DATA FOR PROCESSING =
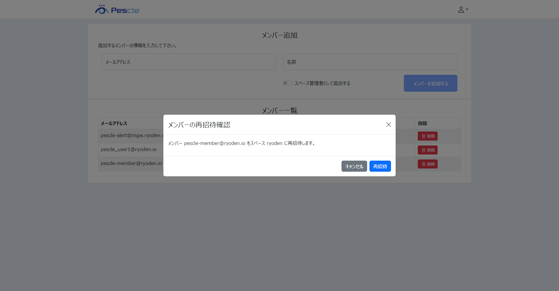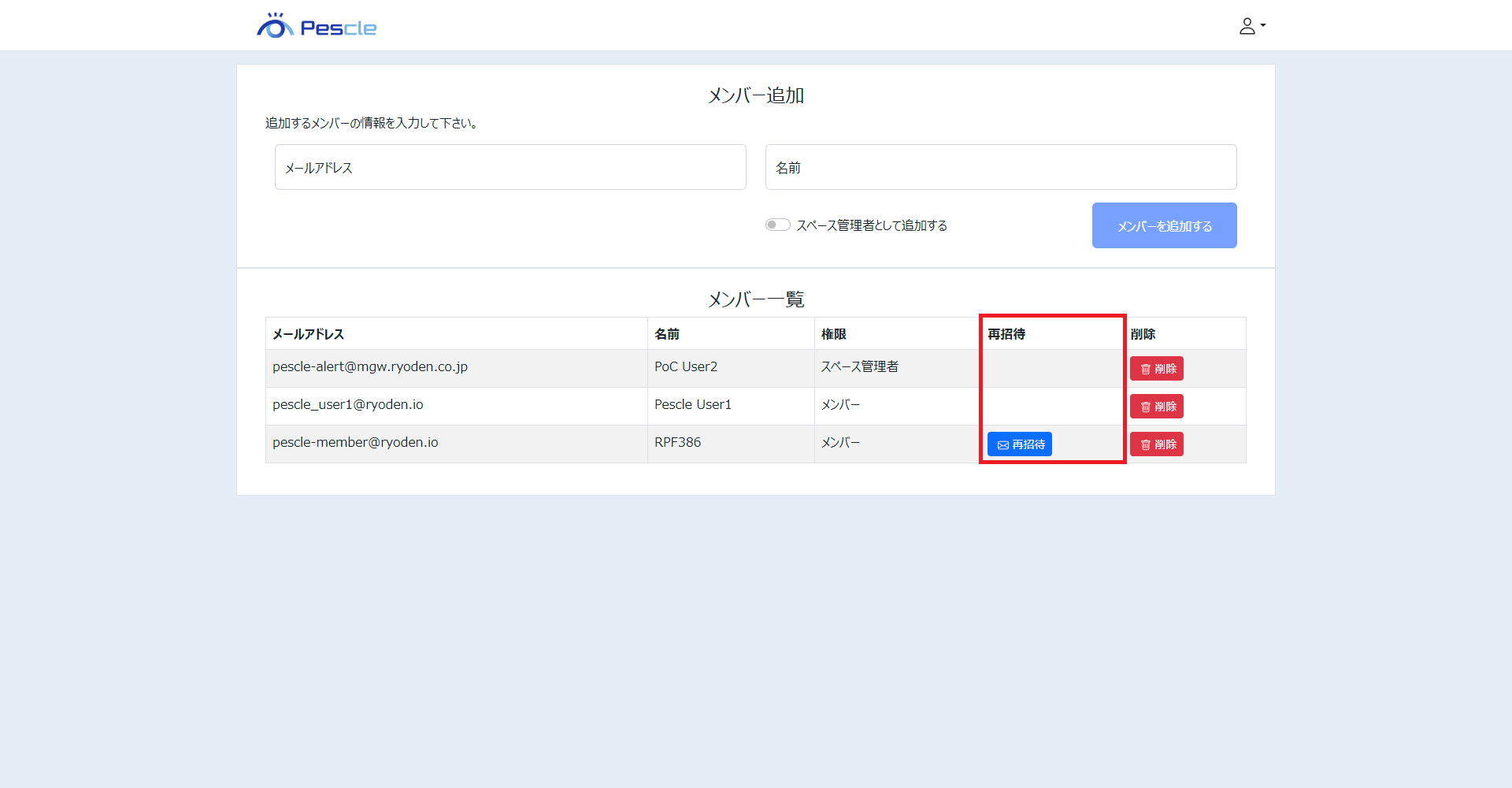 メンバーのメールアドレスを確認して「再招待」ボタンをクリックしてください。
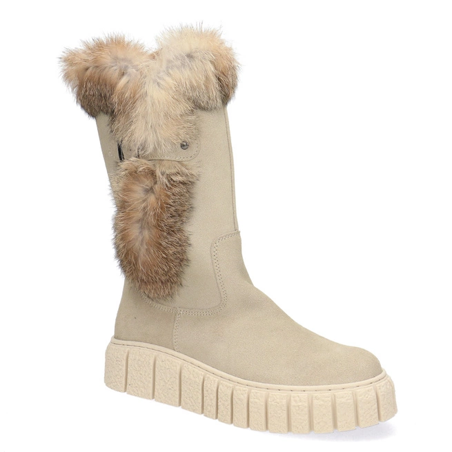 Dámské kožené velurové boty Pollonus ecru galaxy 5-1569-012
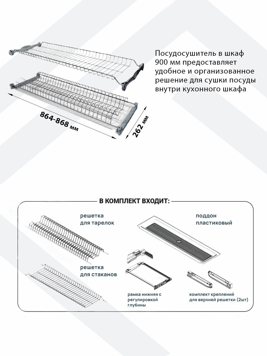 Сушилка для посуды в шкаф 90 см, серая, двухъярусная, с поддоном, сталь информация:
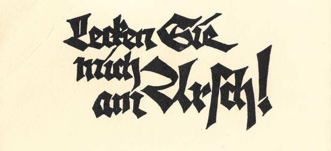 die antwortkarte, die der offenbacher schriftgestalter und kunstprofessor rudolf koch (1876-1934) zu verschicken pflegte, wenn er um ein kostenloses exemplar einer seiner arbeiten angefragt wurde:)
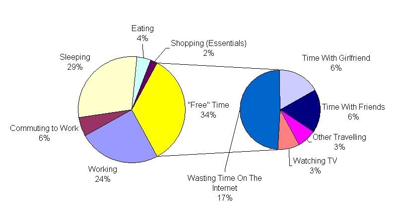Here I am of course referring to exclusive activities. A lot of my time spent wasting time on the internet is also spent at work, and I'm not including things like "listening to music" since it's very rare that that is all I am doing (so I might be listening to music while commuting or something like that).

==

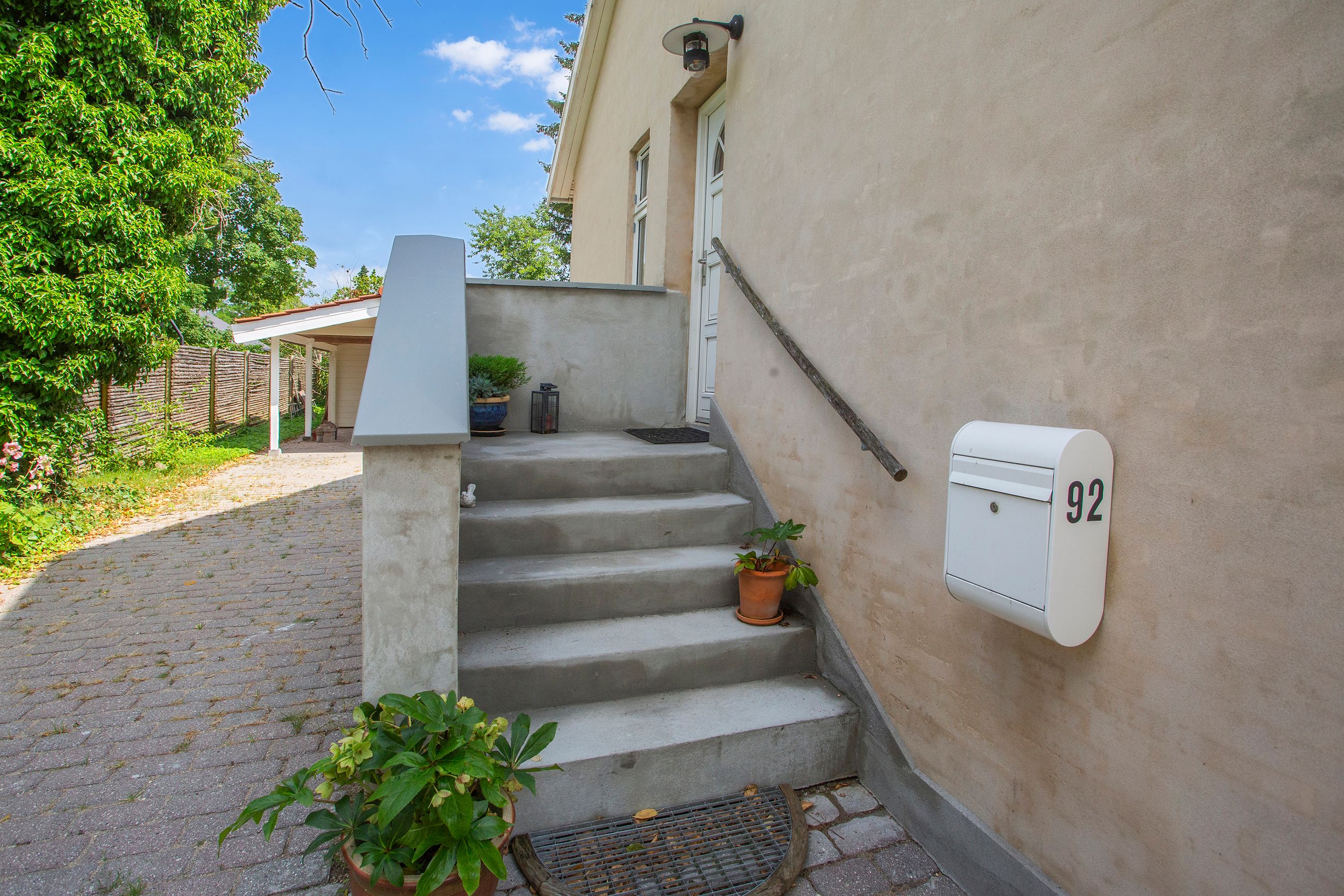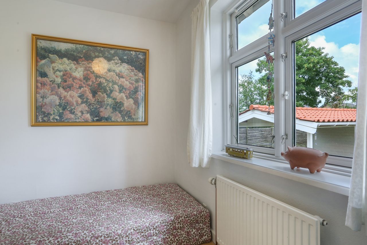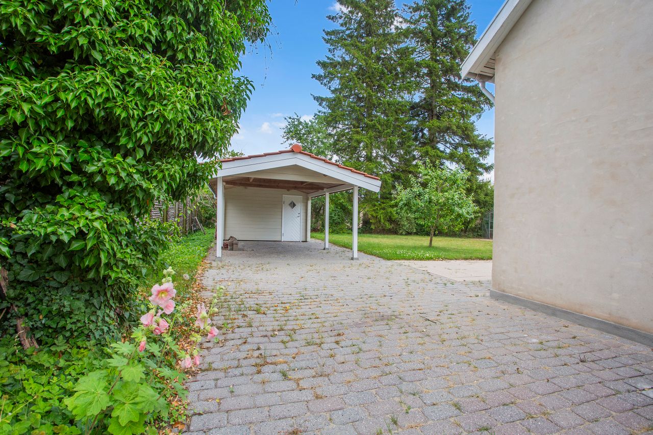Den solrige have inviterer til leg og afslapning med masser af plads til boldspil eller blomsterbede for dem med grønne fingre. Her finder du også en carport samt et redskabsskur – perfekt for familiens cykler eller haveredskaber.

==

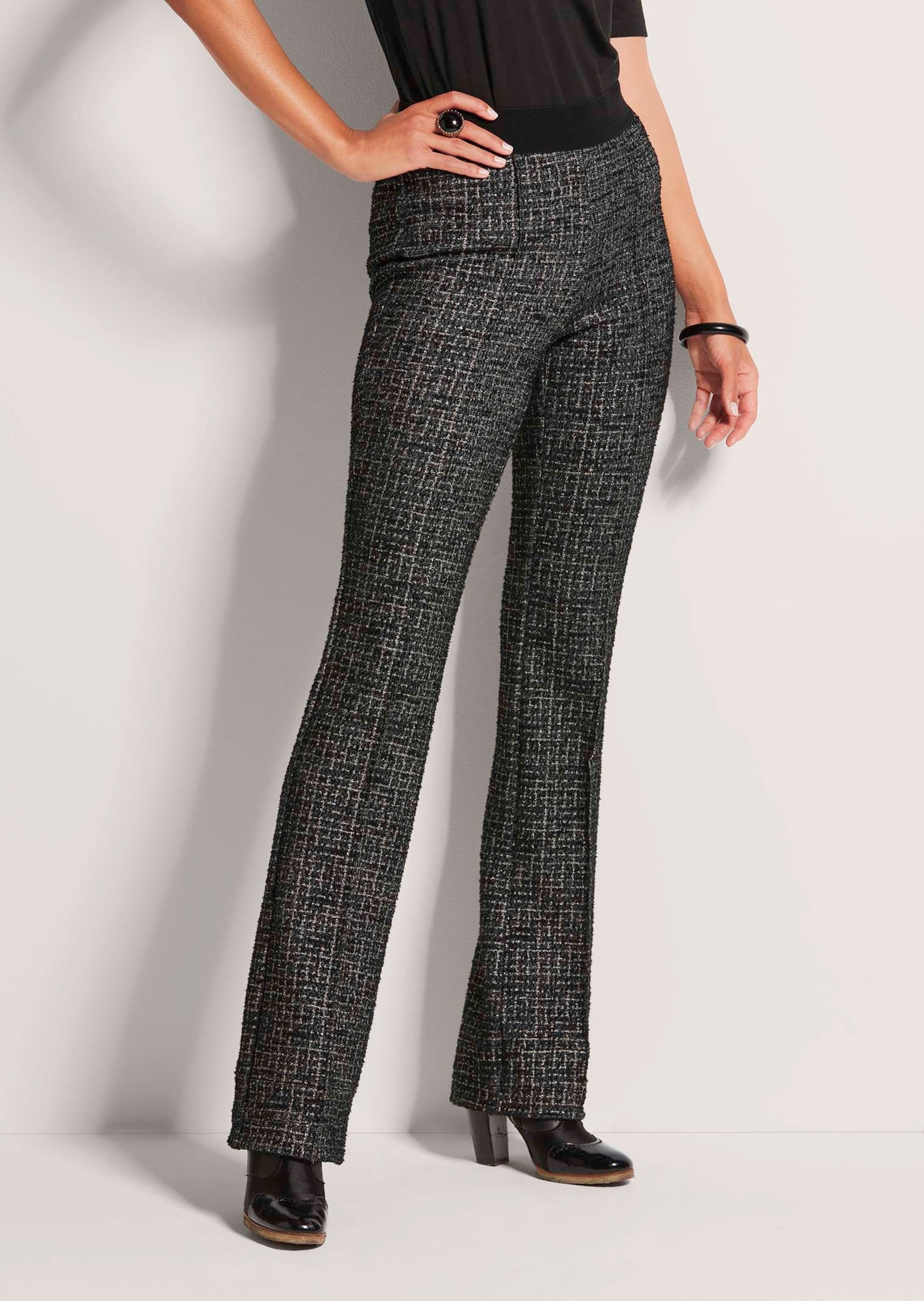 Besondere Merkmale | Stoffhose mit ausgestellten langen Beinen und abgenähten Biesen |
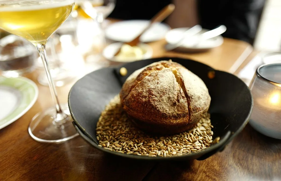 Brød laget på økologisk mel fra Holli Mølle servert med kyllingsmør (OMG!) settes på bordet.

AIM OF THE EXERCISE = Go to the line above that has "Besondere Merkmale |" and copy exactly from there down to the line that has "Brød laget på", both included. Leave the pictures out.

RESPONSE BOX =
 Besondere Merkmale | Stoffhose mit ausgestellten langen Beinen und abgenähten Biesen |
 Brød laget på økologisk mel fra Holli Mølle servert med kyllingsmør (OMG!) settes på bordet.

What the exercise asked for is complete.